Joint submission from the Debt and Climate Working Group for the 11th Technical Expert Dialogue of the New Collective Quantified Goal process
The 11th Technical Expert Dialogue of the New Collective Quantified Goal (NCQG) is an important opportunity to agree on the qualitative elements of the post-2025 climate goal, including improving the quality of international climate finance flows to benefit of low and middle-income countries that already face disproportionate impacts of the climate and debt crisis.
One of the primary outcomes of COP29 will be the agreement on a post-2025 climate finance goal (NCQG or New Collective Quantified Goal on Climate Finance). In the run-up to COP29, the 11th Technical Expert Dialogue (TED11) of the NCQG is an important opportunity for UNFCCC Parties and Observers to discuss the new climate finance goal, including agreements on the qualitative elements.
Ahead of TED11, the Debt and Climate Working Group co-led by Eurodad, APMDD, LATINDADD, CAN-International, Debt Justice UK, Demand Climate Justice and Recourse, have submitted the following document to the UNFCCC on the NCQG.
Our submission recommends that:
- The debt implications need to be further analysed while discussing a new climate finance goal.
- The NCQG process should guarantee the provision of urgent adequate, high-quality, new and additional, public, grants-based climate finance on the scale of the US$ 5 trillion per year from the global north as part of the huge climate debt owed to the global south.

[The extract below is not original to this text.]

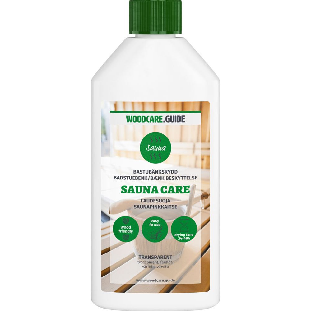Woodcare.Guide Sauna Care laudesuoja suojaa saunan lauteet lialta ja pitää pinnat puhtaina ja hygieenisinä. Helposti levitettävä laudesuoja-aine ei muodosta lauteille kuumaa pintakalvoa, se ei ole tulenarka, eikä terveydelle vaarallinen. Uudet lauteet suositellaan käsiteltäväksi ennen käyttöä ja jatkossa 1-2 kertaa vuodessa aina siivouksen yhteydessä. Laudesuoja on väritöntä, mutta se syventää puupintojen luonnollista sävyä. Kokeile laudesuojaa ensin pienelle alueelle, että lopputulos vastaa odotuksiasi.

The provision and mobilisation by developed countries of public climate finance in the form of grants and highly concessional finance should form a majority core of the NCQG.
- All climate finance contributions must respond to the needs and priorities of developing countries, including local communities, indigenous peoples, afrodescendants, local communities, vulnerable groups, women and youth.

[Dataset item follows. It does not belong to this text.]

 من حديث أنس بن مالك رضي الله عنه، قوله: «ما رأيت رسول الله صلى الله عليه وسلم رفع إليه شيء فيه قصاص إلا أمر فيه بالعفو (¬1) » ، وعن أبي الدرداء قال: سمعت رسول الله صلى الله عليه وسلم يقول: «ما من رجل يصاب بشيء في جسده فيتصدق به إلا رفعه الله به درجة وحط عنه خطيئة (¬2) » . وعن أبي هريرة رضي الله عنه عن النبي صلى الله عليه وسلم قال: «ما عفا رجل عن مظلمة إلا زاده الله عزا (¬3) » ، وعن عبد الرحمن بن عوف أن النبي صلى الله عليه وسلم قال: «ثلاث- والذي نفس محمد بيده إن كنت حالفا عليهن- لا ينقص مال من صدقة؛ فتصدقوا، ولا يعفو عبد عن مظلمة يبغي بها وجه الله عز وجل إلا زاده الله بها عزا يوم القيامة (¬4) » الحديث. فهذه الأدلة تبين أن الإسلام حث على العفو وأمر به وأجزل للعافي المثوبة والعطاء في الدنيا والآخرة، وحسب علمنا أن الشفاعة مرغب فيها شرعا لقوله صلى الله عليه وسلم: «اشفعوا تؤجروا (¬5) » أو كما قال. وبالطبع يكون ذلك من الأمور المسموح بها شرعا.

- The NCQG should not result in further indebtedness from climate finance in the global south and thus should follow the principle of Common but Differentiated Responsibilities and Respective Capabilities (CBDR-RC) and adopt a climate justice perspective. This includes limiting the role of the multilateral development banks (MDBs), the IMF and the private sector in channelling funds raised through the NQCG, unless significant democratic reforms are pursued.
- Grants and highly concessional finance should form a majority of the public climate finance provided and mobilised by developed countries under the NCQG. A mobilisation focused on the private sector cannot deliver the quantity nor quality of finance needed.
- The historical responsibility of global north countries should not be diluted by enlarging the base of contributors, aligning the new goal with Article 2.1.c, or overstating the role of the private sector instead of focusing on Article 9 of the Paris Agreement. Focusing on mobilising private sector resources will not deliver the quantity nor quality of climate finance needed.
- The NCQG process should guarantee direct access to climate finance for the most vulnerable groups . Most of the current climate finance mechanisms, such as the Green Climate Fund (GCF), Adaptation Fund (AF) and Global Environment Facility (GEF), are mired in cumbersome procedures and time-consuming bureaucracy.
- In order to promote transparency, Parties must agree on a single definition for climate finance based on the UNFCCC and the Paris Agreement, focused on the provision and mobilisation of finance by developed countries to developing countries, and on a single methodology to measure and report on it.
- The political decisions to be taken in 2024 should be guided by scientific evidence, as well as by the technical inputs obtained during the TEDs. Such decisions should be timely, needs-based, and attentive to removing barriers preventing vulnerable and underrepresented peoples and communities from accessing concessional funding for action on the ground.
- When a climate-extreme event takes place there should be an immediate interest-free cancellation of all debt payments from that country across all creditors for a specified period, alongside additional grant-based financing for addressing loss and damage. After an assessment period, a debt sustainability analysis should be conducted, considering the losses and damages and the financing needs for recovery and reconstruction, followed by a debt restructuring plan, including cancellation, across all creditors.
- Unconditional debt cancellation must be ensured for all countries that need it, across all creditors (bilateral, multilateral, and private).
- New legislation in key jurisdictions - including New York and the UK - should be introduced to compel private creditor participation in debt cancellation and restructuring.
- An agreement on a UN Framework Convention on Sovereign Debt should encompass global consensus on the necessary rules and procedures, principles and structures throughout the different interdependent stages of the debt cycle, including the establishment of a multilateral debt workout process under the auspices of the United Nations, that can help countries break the vicious cycle of escalating debt and climate crises.
- In addition to establishing and implementing the NCQG, a UN Framework Convention on International Tax Cooperation should be supported to further contribute to meeting the financing needs of global south countries.